START Exercise data
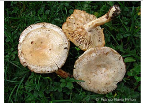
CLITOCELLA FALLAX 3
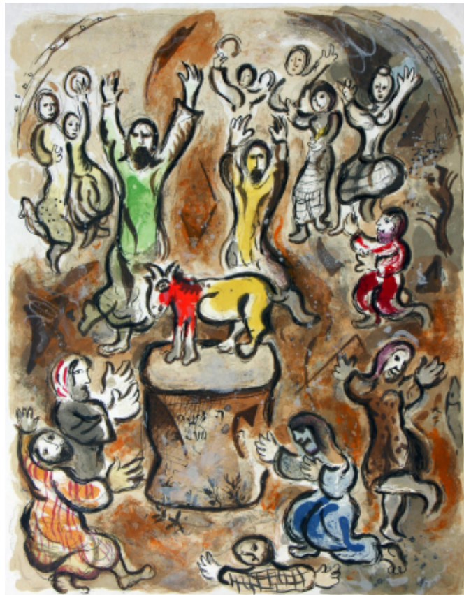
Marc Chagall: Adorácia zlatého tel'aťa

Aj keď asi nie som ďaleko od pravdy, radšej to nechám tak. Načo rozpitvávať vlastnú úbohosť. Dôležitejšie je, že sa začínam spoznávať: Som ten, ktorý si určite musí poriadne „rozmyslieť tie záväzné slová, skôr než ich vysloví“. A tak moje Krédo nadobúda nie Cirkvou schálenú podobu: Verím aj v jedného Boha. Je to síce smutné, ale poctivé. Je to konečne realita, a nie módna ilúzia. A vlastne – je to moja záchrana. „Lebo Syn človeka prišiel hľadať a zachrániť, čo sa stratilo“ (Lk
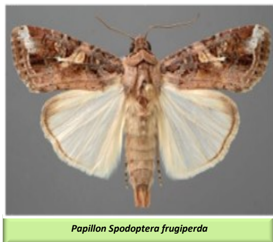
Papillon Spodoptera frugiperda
END Exercise data
START Exercise data
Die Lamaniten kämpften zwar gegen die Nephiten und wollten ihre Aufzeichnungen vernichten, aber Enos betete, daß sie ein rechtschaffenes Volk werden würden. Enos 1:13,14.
END Exercise data
START Exercise data
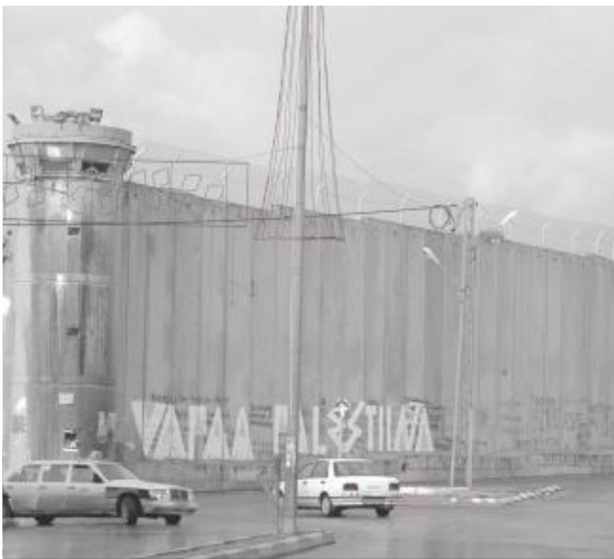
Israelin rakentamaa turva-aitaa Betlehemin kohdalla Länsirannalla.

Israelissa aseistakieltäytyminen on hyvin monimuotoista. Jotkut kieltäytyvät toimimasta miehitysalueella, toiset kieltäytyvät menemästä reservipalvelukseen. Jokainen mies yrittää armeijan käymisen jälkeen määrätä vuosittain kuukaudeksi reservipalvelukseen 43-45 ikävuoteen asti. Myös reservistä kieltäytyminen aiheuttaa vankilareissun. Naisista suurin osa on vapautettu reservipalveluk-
END Exercise data
Copy the listing above exactly, but only from the line with "CLITOCELLA FALLAX 3" through the line with "Papillon Spodoptera frugiperda", including those two lines and excluding any picture.

=== Written response ===
CLITOCELLA FALLAX 3
Marc Chagall: Adorácia zlatého tel'aťa

Aj keď asi nie som ďaleko od pravdy, radšej to nechám tak. Načo rozpitvávať vlastnú úbohosť. Dôležitejšie je, že sa začínam spoznávať: Som ten, ktorý si určite musí poriadne „rozmyslieť tie záväzné slová, skôr než ich vysloví“. A tak moje Krédo nadobúda nie Cirkvou schálenú podobu: Verím aj v jedného Boha. Je to síce smutné, ale poctivé. Je to konečne realita, a nie módna ilúzia. A vlastne – je to moja záchrana. „Lebo Syn človeka prišiel hľadať a zachrániť, čo sa stratilo“ (Lk
Papillon Spodoptera frugiperda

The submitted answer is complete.